Although the records contain pictures, none belong in the copy: restate word for word only the lines from the one with "Vậy lý do nào" through the one with "La obra El establo", both included.

-------- AVAILABLE DATA --------

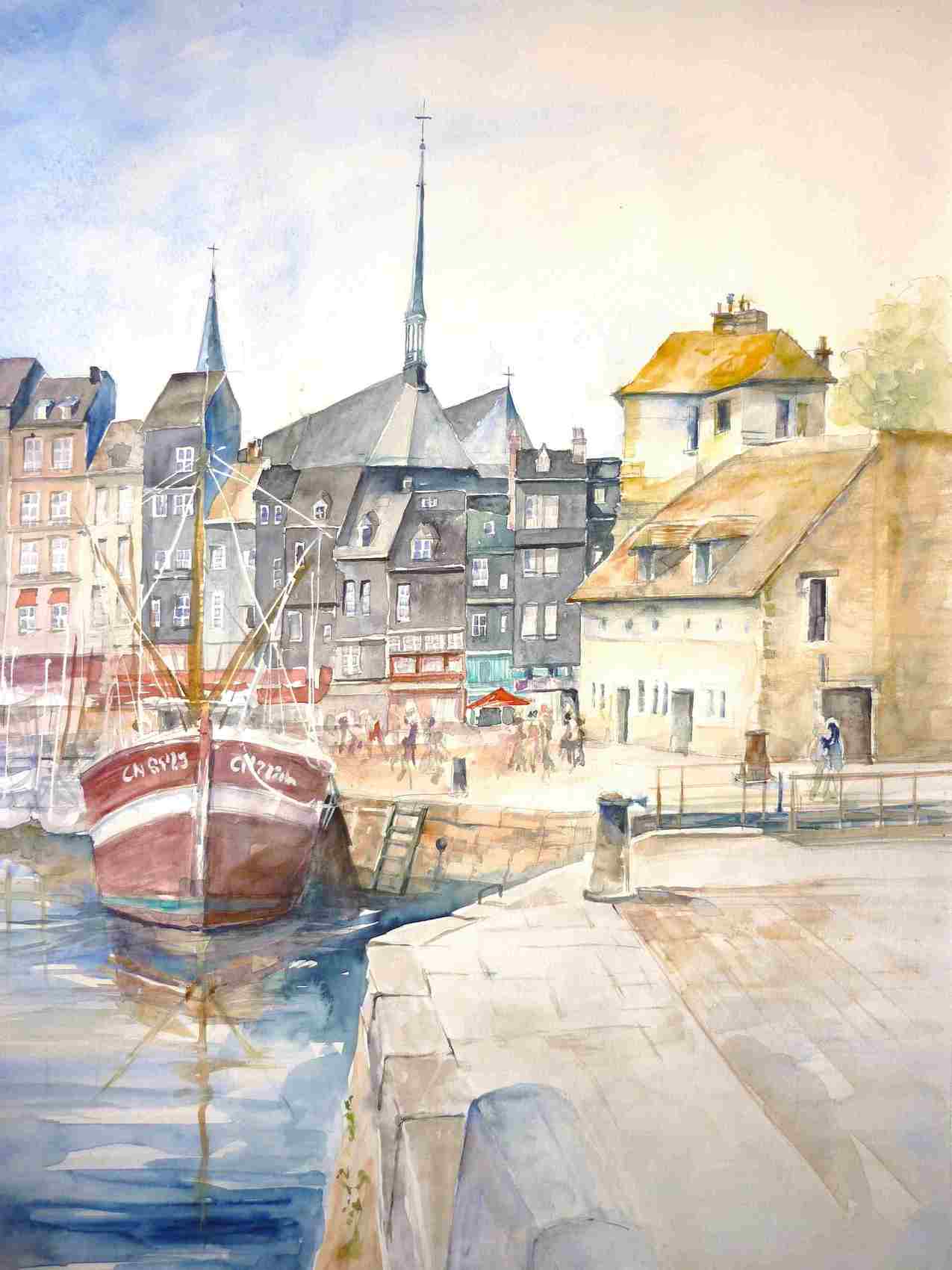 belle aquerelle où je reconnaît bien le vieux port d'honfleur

--------
-------- AVAILABLE DATA --------

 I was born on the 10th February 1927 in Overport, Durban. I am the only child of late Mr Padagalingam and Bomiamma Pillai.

--------
-------- AVAILABLE DATA --------

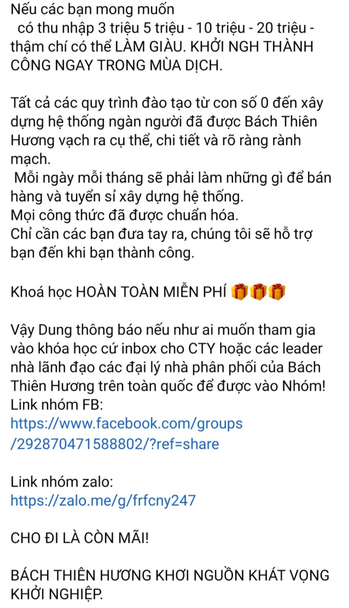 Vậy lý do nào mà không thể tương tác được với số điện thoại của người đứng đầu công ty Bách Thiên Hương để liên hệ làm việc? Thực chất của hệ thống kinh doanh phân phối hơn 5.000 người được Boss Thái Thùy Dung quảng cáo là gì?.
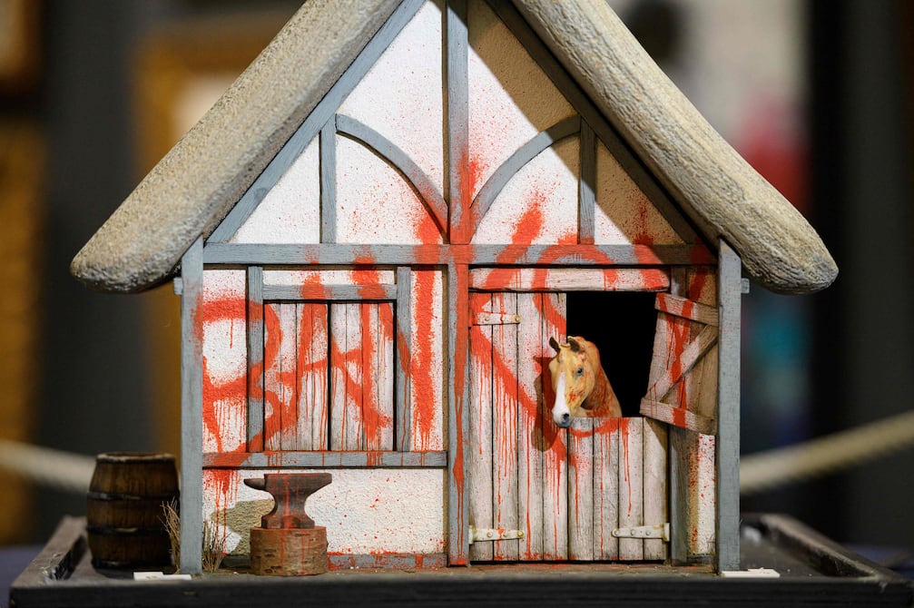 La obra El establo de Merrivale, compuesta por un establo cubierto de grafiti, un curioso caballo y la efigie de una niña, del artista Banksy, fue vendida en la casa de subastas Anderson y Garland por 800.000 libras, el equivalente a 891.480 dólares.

--------

• YOUR SOLUTION:
 Vậy lý do nào mà không thể tương tác được với số điện thoại của người đứng đầu công ty Bách Thiên Hương để liên hệ làm việc? Thực chất của hệ thống kinh doanh phân phối hơn 5.000 người được Boss Thái Thùy Dung quảng cáo là gì?.
 La obra El establo de Merrivale, compuesta por un establo cubierto de grafiti, un curioso caballo y la efigie de una niña, del artista Banksy, fue vendida en la casa de subastas Anderson y Garland por 800.000 libras, el equivalente a 891.480 dólares.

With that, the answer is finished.